In Alabama, the claim that eggs, embryos and fetuses have separate legal rights has led to the jailing of 60 women.
Numerous organizations and leaders who identify themselves as pro-life have assured the public that their efforts to re-criminalize abortion and establish the unborn as separate legal persons will not result in the prosecution and imprisonment of women. Yet, in Alabama alone, the claim that eggs, embryos and fetuses have separate legal rights has provided the basis for arresting approximately 60 women.
These women are being prosecuted under Alabama’s 2006 law designed to provide special penalties for people who bring children into methamphetamine laboratories. Its official title is “Endangerment of Exposing a Child to an Environment in Which Controlled Substances are Produced or Distributed” and it provides that a person “commits the crime of chemical endangerment” by “exposing a child to an environment in which he or she…knowingly, recklessly, or intentionally causes or permits a child to be exposed to, to ingest or inhale, or to have contact with a controlled substance.”
This law makes no mention of pregnancy, pregnant woman, drug use, fetus, or any other words that would make it applicable to a pregnant woman who uses a controlled substance and seeks to continue her pregnancy to term. In fact, the Alabama legislature has repeatedly refused to amend this law or to create others that would address the issue of pregnancy and drug use through the criminal law.
Nevertheless prosecutors have argued, and the Alabama’s Court of Criminal Appeals has agreed, that the word “child” in the statute includes a “viable fetus” and therefore may be used to arrest and jail women who become pregnant, eschew abortion, go to term, and try to bring life into this world, despite having used a controlled substance.
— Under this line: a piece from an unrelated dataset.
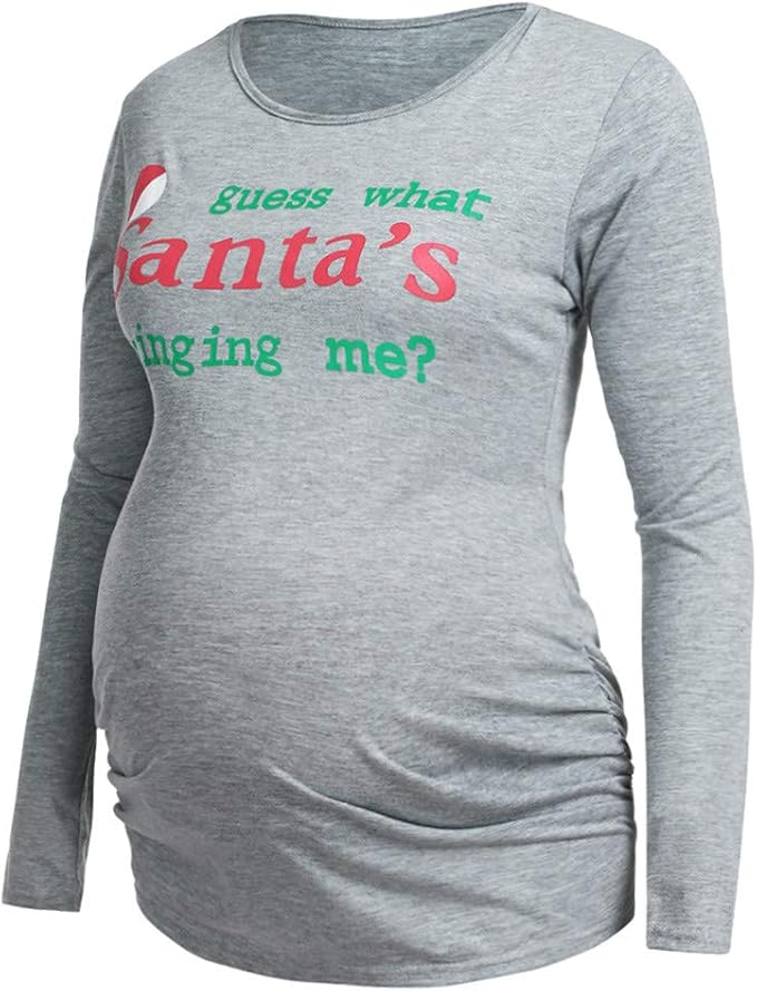 Kunfang Damen T Shirts Cartoon Mutterschaft Tops Tees Lustige Weihnachten Schwangerschaft T Shirts T Shirt Xmas Schwangere Frauen Tees Gr M K150 Amazon De Bekleidung

The Appeals Court decision reaches far beyond women who use illegal drugs or even drug use at all. Many prescription drugs are controlled substances and there is no defense under the law if the drug is prescribed to the pregnant woman. This means that a pregnant woman who is prescribed a controlled substance (and her doctor who prescribed it) are now potentially subject to criminal penalties as well. And, if the word “child” in one Alabama criminal laws means “viable fetus,” then surely it would have to mean the same thing in others – including the state’s child abuse and related laws. This means that women are potentially criminally liable for an unlimited range of actions, inactions or circumstances during pregnancy believed by police and prosecutors to pose a risk of harm to the fetus. (Think “personhood” measure in disguise.)
Hope Ankrom and Amanda Kimbrough are two of the 60 women who have been charged under the chemical endangering law – not for running meth labs or bringing children to them, but rather for continuing their pregnancies to term in spite of having a drug problem. Ankrom and Kimbrough have appealed their convictions to the Alabama Supreme Court.
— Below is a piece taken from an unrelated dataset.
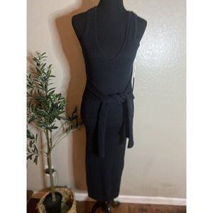 Good American Dress Black Belted BodyCon Ribbed Sleeveless Knit Size 3 Large NWT

Forty-seven medical, public health and legal advocacy groups and individuals, including the American Medical Association, the American Psychiatric Association, the American College of Obstetricians and Gynecologists, and the American Nurses Association filed an amicus (friend of the court) brief in support of these mothers. They urge the court to reverse the lower court’s radical extension of the chemical endangering law to permit prosecution and punishment of new mothers, pregnant women, and their doctors.
These organizations and experts explain that while they do not in any way endorse the use of illegal drugs during pregnancy, medical consensus is that illegal drug use by pregnant women does not pose risks qualitatively different or greater than a wide range of other actions, inactions, exposures, and circumstances engaged in or experienced by pregnant women, such as smoking cigarettes.